Record excerpts |
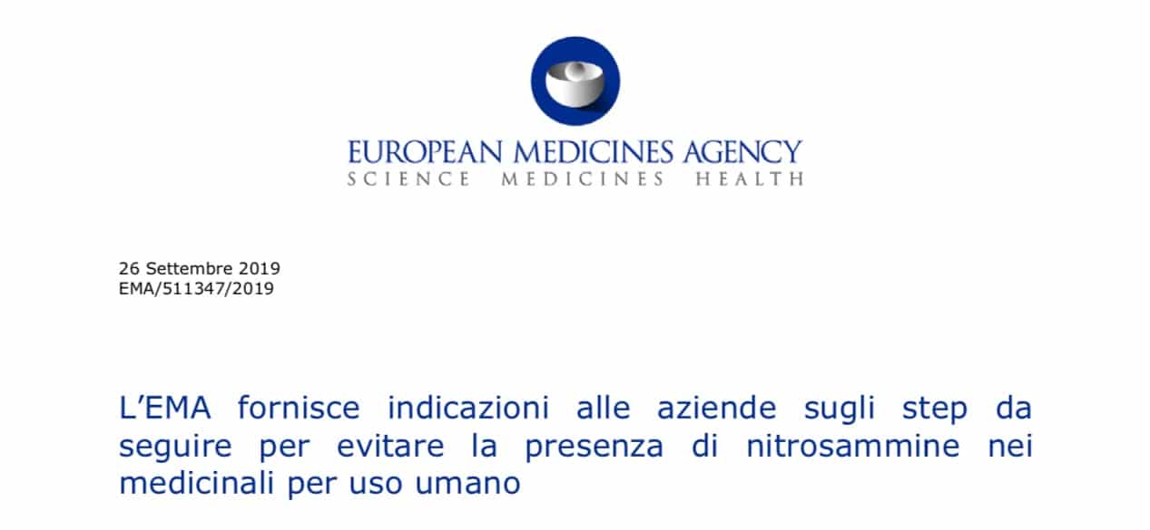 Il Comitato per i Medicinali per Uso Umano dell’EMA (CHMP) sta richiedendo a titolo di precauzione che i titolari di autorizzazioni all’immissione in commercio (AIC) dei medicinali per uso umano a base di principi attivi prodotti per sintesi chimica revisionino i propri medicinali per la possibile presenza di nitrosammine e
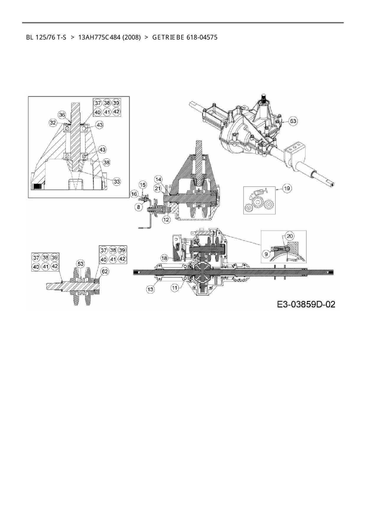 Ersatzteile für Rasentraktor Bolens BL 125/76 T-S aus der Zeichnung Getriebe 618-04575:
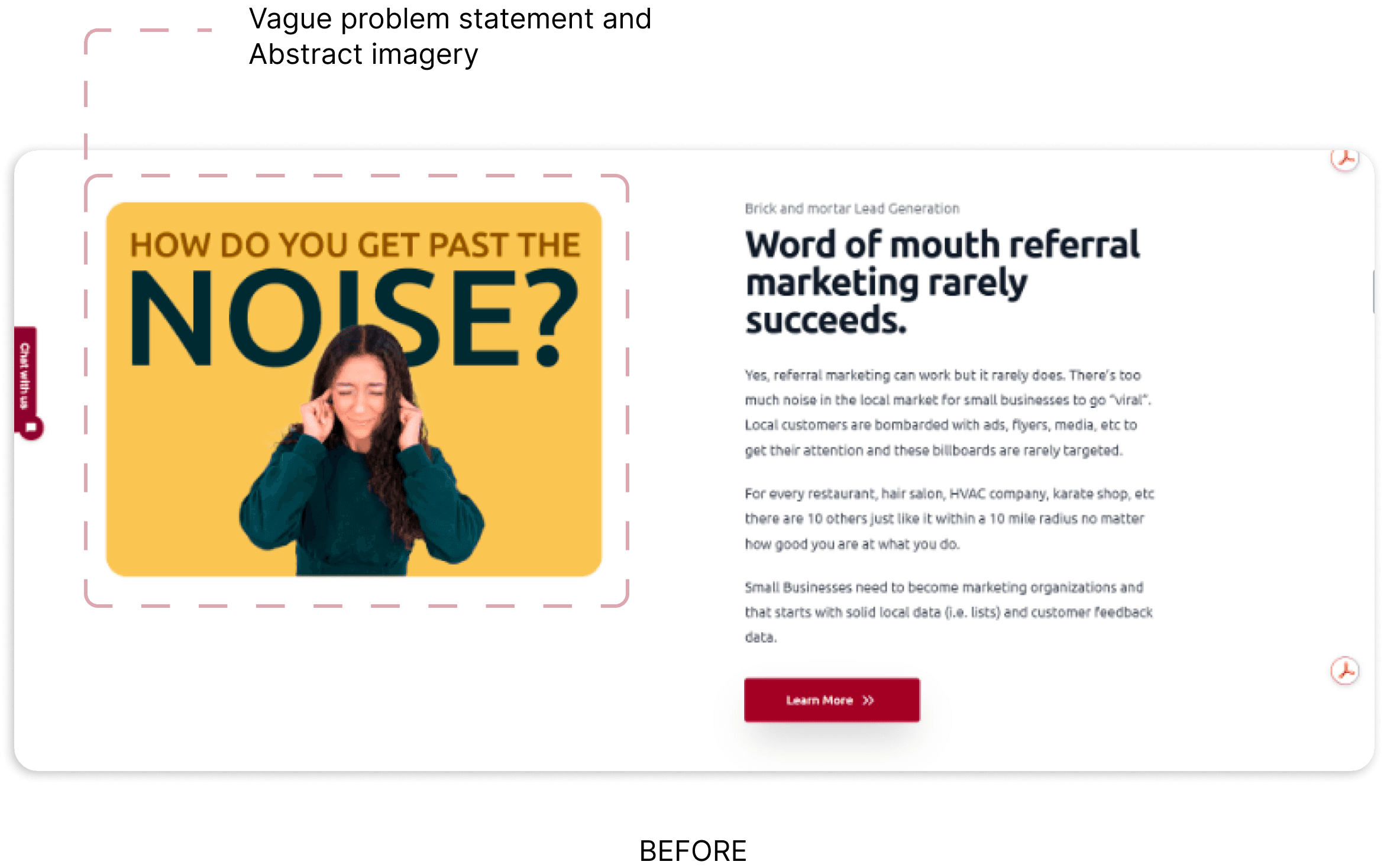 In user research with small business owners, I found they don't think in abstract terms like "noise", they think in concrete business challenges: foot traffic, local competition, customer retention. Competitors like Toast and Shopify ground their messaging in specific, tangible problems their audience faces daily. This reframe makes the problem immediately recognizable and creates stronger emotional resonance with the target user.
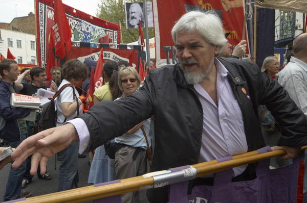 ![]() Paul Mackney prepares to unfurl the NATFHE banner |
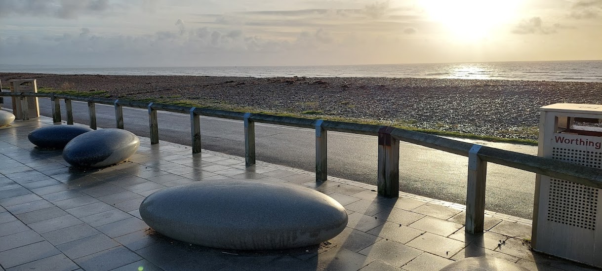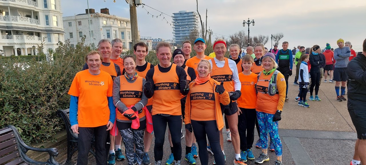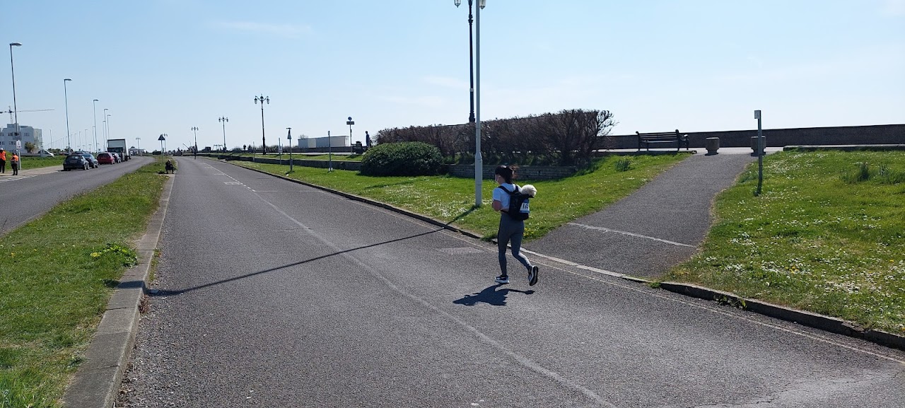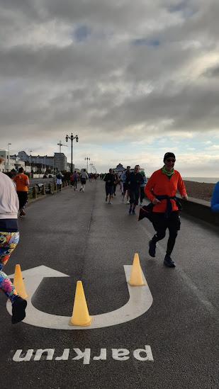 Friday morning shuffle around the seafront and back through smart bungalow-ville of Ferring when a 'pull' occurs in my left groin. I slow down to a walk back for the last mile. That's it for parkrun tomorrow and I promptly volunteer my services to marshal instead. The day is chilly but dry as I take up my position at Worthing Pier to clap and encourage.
---
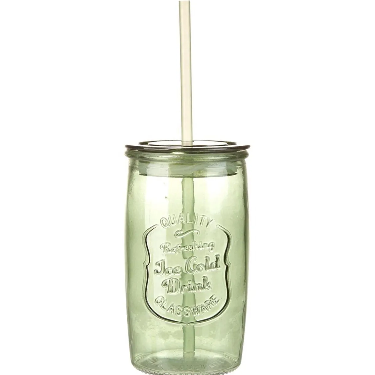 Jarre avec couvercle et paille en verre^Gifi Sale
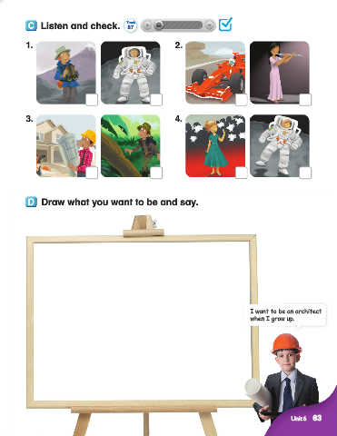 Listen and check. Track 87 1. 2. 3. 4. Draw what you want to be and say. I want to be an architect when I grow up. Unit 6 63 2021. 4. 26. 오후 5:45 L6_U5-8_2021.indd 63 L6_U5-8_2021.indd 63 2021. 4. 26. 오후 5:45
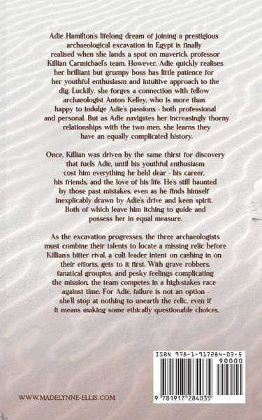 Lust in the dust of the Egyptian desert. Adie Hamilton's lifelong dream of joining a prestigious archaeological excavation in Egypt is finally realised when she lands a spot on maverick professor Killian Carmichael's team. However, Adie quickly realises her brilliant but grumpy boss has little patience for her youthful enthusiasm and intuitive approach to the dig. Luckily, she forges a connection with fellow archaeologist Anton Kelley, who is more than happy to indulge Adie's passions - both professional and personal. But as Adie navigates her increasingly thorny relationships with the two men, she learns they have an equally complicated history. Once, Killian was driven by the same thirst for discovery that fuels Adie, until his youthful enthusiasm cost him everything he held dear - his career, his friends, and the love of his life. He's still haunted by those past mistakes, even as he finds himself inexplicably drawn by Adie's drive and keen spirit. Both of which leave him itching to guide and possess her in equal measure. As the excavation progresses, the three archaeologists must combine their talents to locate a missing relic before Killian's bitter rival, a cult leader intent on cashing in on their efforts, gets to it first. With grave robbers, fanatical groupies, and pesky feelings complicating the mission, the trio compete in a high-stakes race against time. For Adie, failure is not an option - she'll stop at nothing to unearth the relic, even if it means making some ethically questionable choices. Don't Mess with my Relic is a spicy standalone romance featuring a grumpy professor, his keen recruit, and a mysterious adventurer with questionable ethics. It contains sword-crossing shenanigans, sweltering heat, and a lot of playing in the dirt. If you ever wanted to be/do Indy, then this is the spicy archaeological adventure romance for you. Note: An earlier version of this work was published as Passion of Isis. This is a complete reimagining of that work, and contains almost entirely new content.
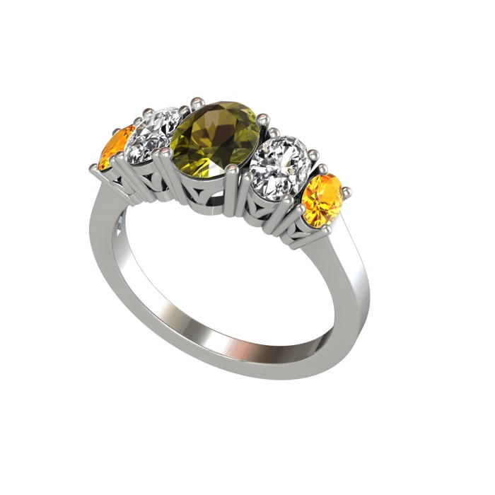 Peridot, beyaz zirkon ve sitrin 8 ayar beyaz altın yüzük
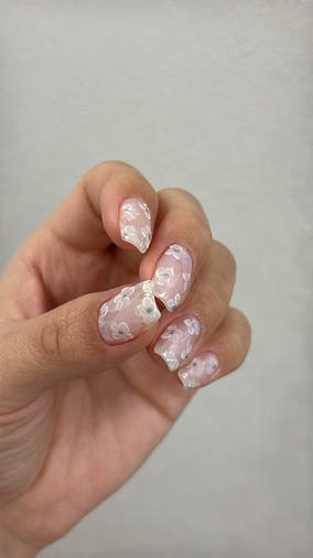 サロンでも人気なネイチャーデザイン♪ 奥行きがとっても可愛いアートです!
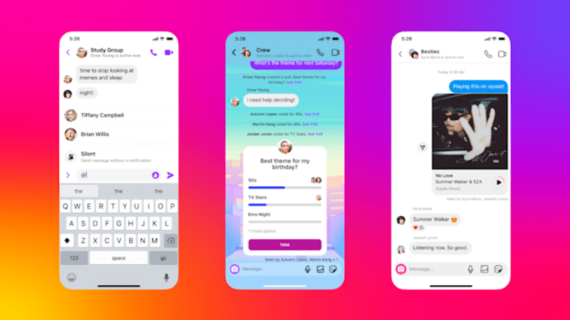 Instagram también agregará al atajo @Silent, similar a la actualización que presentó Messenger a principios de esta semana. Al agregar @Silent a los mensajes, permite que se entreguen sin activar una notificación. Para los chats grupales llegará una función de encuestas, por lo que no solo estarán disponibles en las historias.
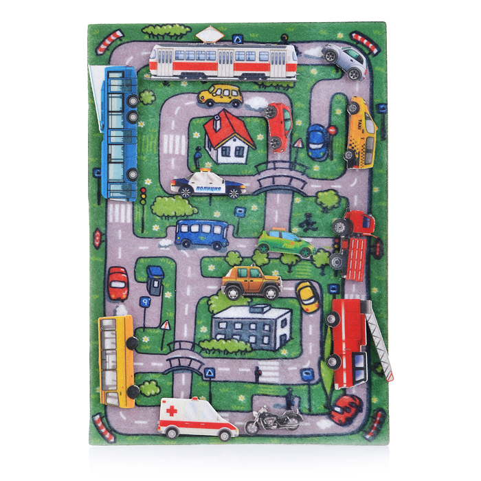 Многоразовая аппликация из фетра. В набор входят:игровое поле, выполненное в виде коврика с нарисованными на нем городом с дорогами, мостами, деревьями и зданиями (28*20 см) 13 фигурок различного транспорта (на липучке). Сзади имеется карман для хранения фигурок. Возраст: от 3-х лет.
--
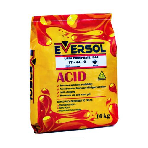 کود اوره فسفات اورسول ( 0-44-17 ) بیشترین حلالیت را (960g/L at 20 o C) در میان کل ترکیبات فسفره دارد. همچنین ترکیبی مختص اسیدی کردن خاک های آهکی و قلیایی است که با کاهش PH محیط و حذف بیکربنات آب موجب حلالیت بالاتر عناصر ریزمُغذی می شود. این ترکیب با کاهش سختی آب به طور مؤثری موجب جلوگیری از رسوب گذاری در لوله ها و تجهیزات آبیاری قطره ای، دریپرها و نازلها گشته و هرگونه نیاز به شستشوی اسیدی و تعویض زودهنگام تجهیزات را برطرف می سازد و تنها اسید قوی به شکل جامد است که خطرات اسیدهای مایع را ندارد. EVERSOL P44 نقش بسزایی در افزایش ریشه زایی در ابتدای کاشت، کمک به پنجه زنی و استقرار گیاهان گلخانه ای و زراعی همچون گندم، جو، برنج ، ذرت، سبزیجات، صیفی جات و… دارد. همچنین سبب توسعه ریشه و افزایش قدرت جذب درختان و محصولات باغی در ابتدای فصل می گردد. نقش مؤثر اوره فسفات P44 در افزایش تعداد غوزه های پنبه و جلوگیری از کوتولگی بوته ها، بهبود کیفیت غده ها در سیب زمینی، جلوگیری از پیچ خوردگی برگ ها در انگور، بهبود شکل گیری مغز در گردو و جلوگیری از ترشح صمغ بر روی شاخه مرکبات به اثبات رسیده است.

Task requirements |
Look through the material above. Transcribe exactly the lines between the ones with "Il Comitato per" and "Friday morning shuffle", inclusive, and keep pictures out.

Answer space |
 Il Comitato per i Medicinali per Uso Umano dell’EMA (CHMP) sta richiedendo a titolo di precauzione che i titolari di autorizzazioni all’immissione in commercio (AIC) dei medicinali per uso umano a base di principi attivi prodotti per sintesi chimica revisionino i propri medicinali per la possibile presenza di nitrosammine e
 Ersatzteile für Rasentraktor Bolens BL 125/76 T-S aus der Zeichnung Getriebe 618-04575:
 In user research with small business owners, I found they don't think in abstract terms like "noise", they think in concrete business challenges: foot traffic, local competition, customer retention. Competitors like Toast and Shopify ground their messaging in specific, tangible problems their audience faces daily. This reframe makes the problem immediately recognizable and creates stronger emotional resonance with the target user.
 ![]() Paul Mackney prepares to unfurl the NATFHE banner |
 Friday morning shuffle around the seafront and back through smart bungalow-ville of Ferring when a 'pull' occurs in my left groin. I slow down to a walk back for the last mile. That's it for parkrun tomorrow and I promptly volunteer my services to marshal instead. The day is chilly but dry as I take up my position at Worthing Pier to clap and encourage.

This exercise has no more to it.